**What you need to do**
Leaving the pictures out, print the lines from the first line of the listing through the line containing "跳绳500下+摸高跳50次,纵向冲击刺激骨骺;室内冷可原地跳,同样有效", exactly as they read, and no others.

**Excerpted data**
-- Opening Marker --
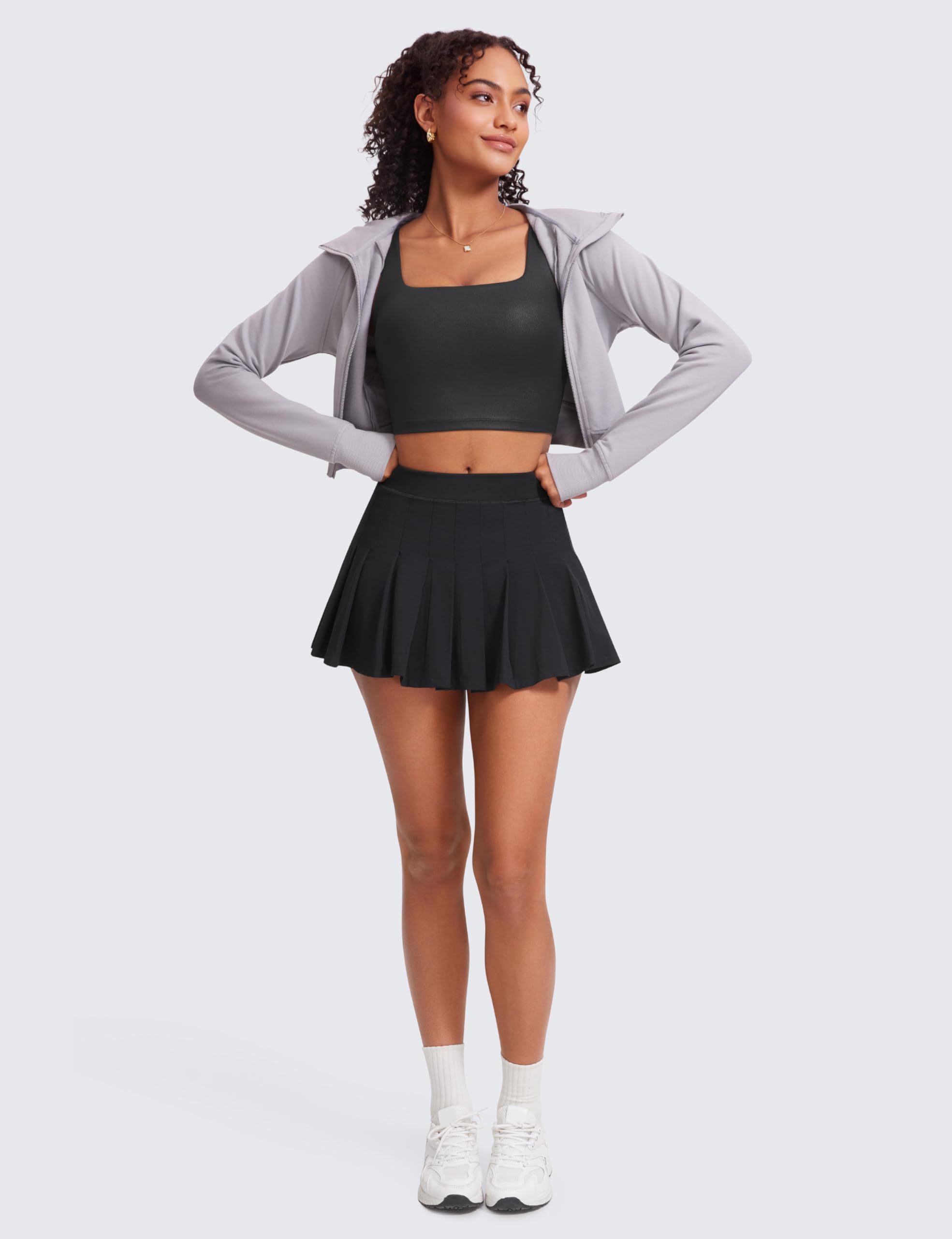 Cropped tank top that sits above the belly button, pairs well with high-waisted pants
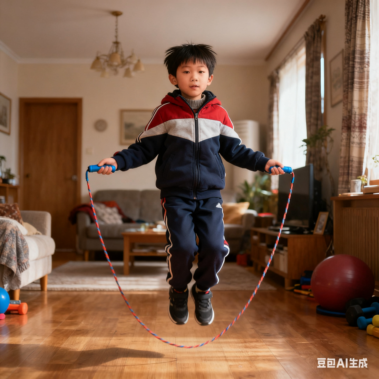 跳绳500下+摸高跳50次,纵向冲击刺激骨骺;室内冷可原地跳,同样有效
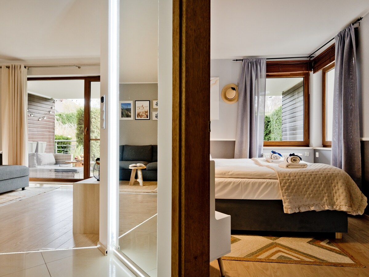De lux lägenhetshus – 2 sovrum, tillgång till jacuzzin, utrustat kök, lugnt grannskap. Perfekt för 4 personer. Plats: Stugan ligger i Jastrzębia Góra, i en lugn del – borta från folkmassorna, och samtidigt nära stranden (ca. 7 minuters promenad), butiker och restauranger. Läget är perfekt!
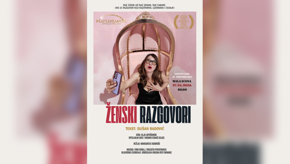 Madlenianum vas poziva na veče smeha, promišljanja i dobre zabave – u nedelju, 27. aprila od 20 časova, na Maloj sceni, gledamo Ženske razgovore! Ovu jedinstvenu monodramu iz Amsterdama donosi sjajna Olja Lopušanski, a ako mislite da znate sve o muško-ženskim odnosima... razmislite još jednom.
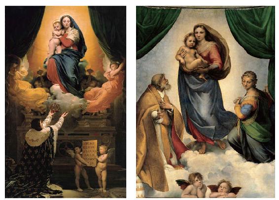 《路易十三的誓言》(左)借鉴了拉斐尔的名作《西斯廷圣母》(右)
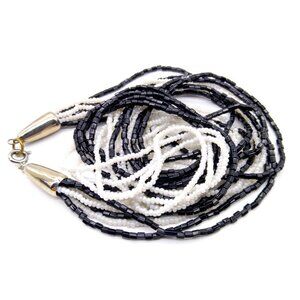 Neutral Seed Bead Torsade Necklace, Black and White Vintage Strands, Multi Strand Classic
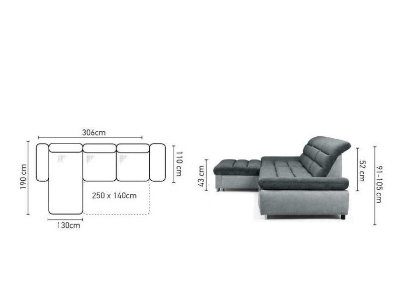 Rozměry: 306 x 190 cm, v. 91 - 105 cm, výška sedu 43 cm, volitelná hloubka sedu 50 - 73 cm
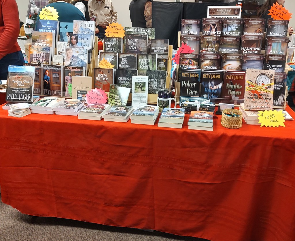Four days into December, I sent the book off to my critique partner and beta readers. Whew! Now I could concentrate on decorating, getting a Christmas Tree, and setting up my books at the local Christmas Jamboree. I sold more books there than I had thought I would. So it was a great day. And my daughter had a table beside me selling fudge she’d made and boxes of her organic Rural Roots pork.
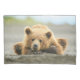 Esta fofinha Getty Images apresenta um jovem filhote de urso pardo costeiro deitado numa praia esperando que a mãe pegue peixe no Alasca.
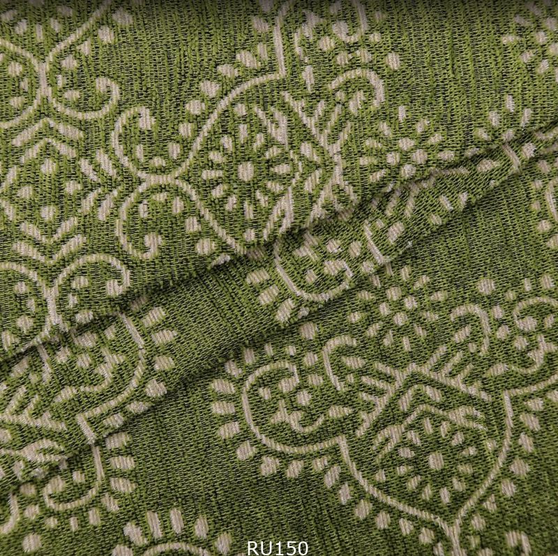 Эта ткань сочетает в себе прочность хлопка и декоративность жаккардового плетения. С обеих сторон проявляется орнамент: с одной — на светлом фоне расцветает зелёный узор. с другой — светлый орнамент играет на насыщенной зелёной основе. Плотная фактура идеально подходит для пальто. жакетов и аксессуаров. а двусторонний эффект открывает дизайнеру широкие возможности для экспериментов с подкладкой. отворотами и комбинированными деталями.
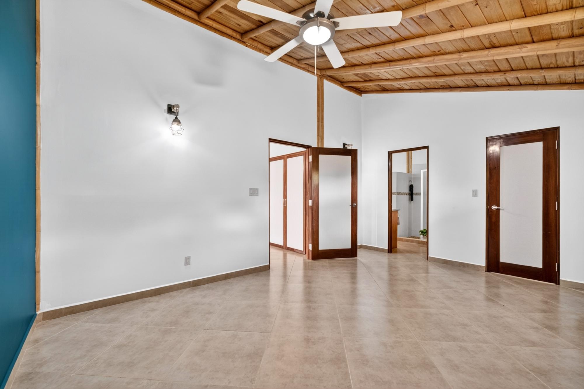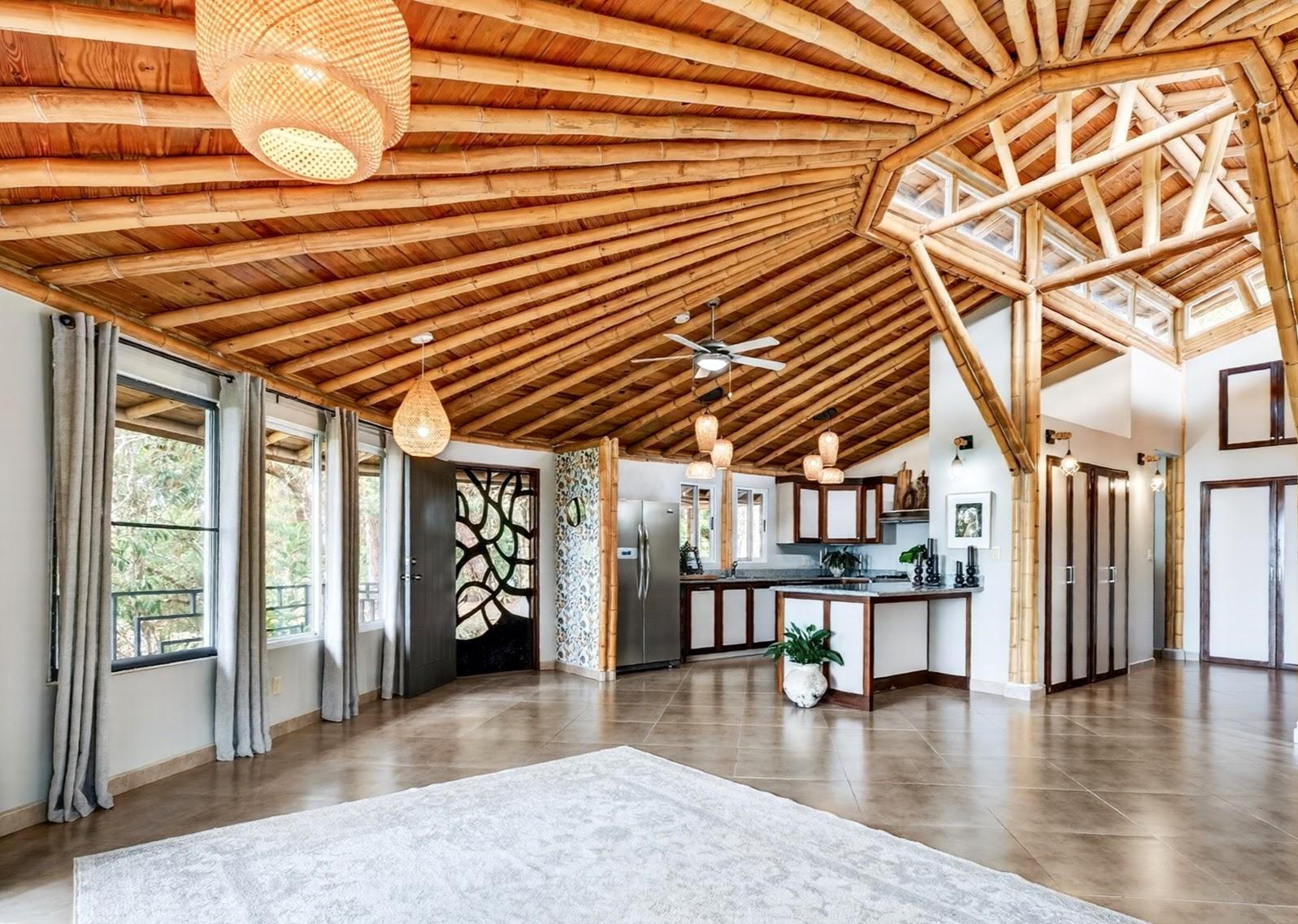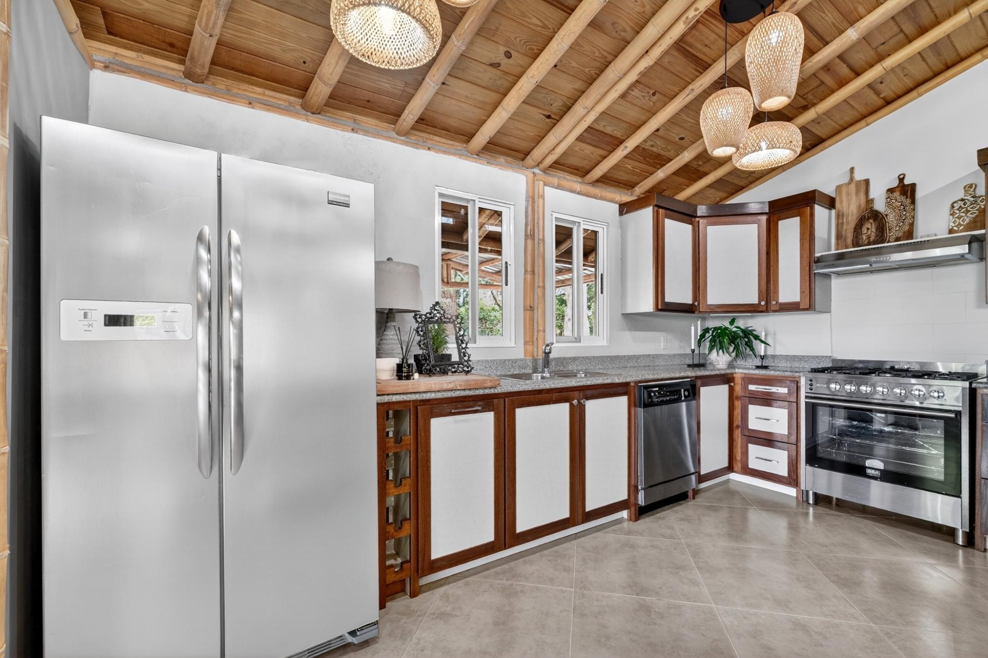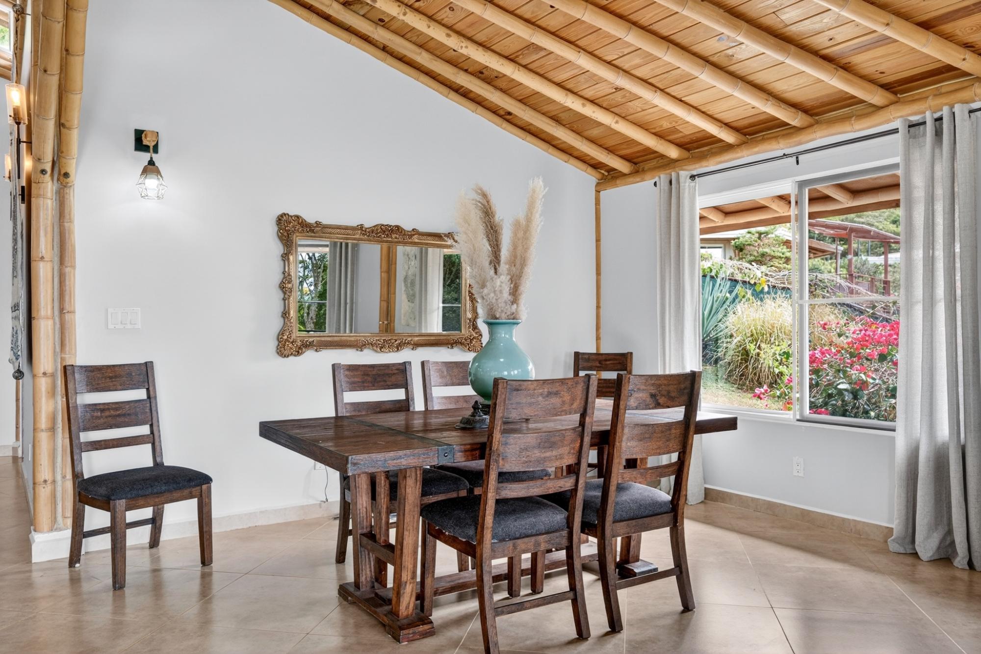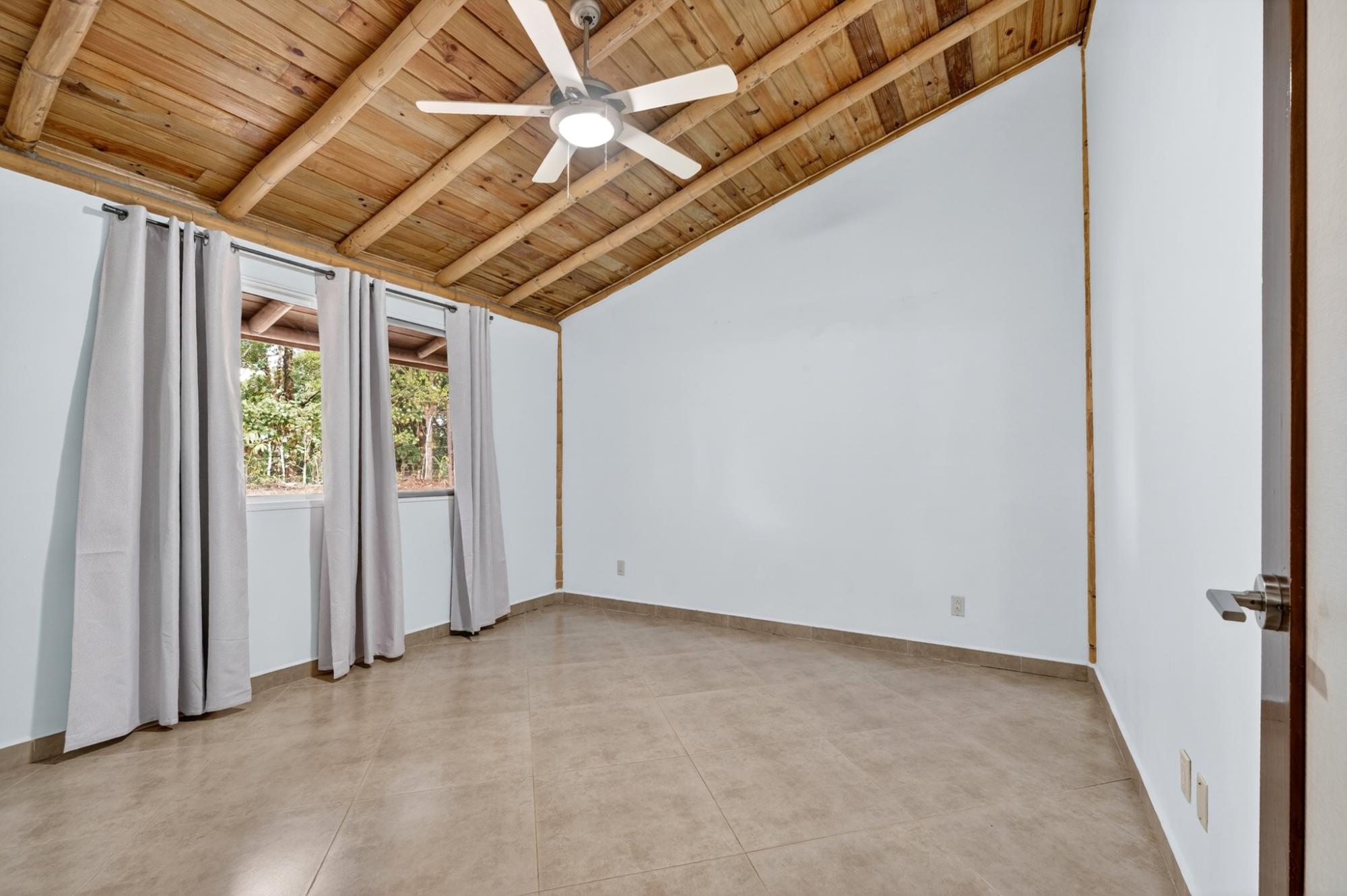 Tucked into the peaceful hills of Alto Jaramillo in the sought after Lemon Grove area, this charming two bedroom, two bath home blends warmth, character, and breathtaking natural beauty just 10 minutes from downtown Boquete. Inside, soaring bamboo ceilings create a striking architectural feature, while freshly painted interiors and modern decor offer a clean, updated feel. Natural light fills the open concept living, dining, and kitchen area, complete with quality appliances, ample counter space, and a central island for easy entertaining. The living space flows to a covered terrace with sensational mountain and greenery views, perfect for morning coffee or evening sunsets. Both bedrooms are generously sized, with a private primary suite. A beautifully designed home ideal for full time living or a peaceful retreat.
-- Closing Marker --
**Expected output**
 Cropped tank top that sits above the belly button, pairs well with high-waisted pants
 跳绳500下+摸高跳50次,纵向冲击刺激骨骺;室内冷可原地跳,同样有效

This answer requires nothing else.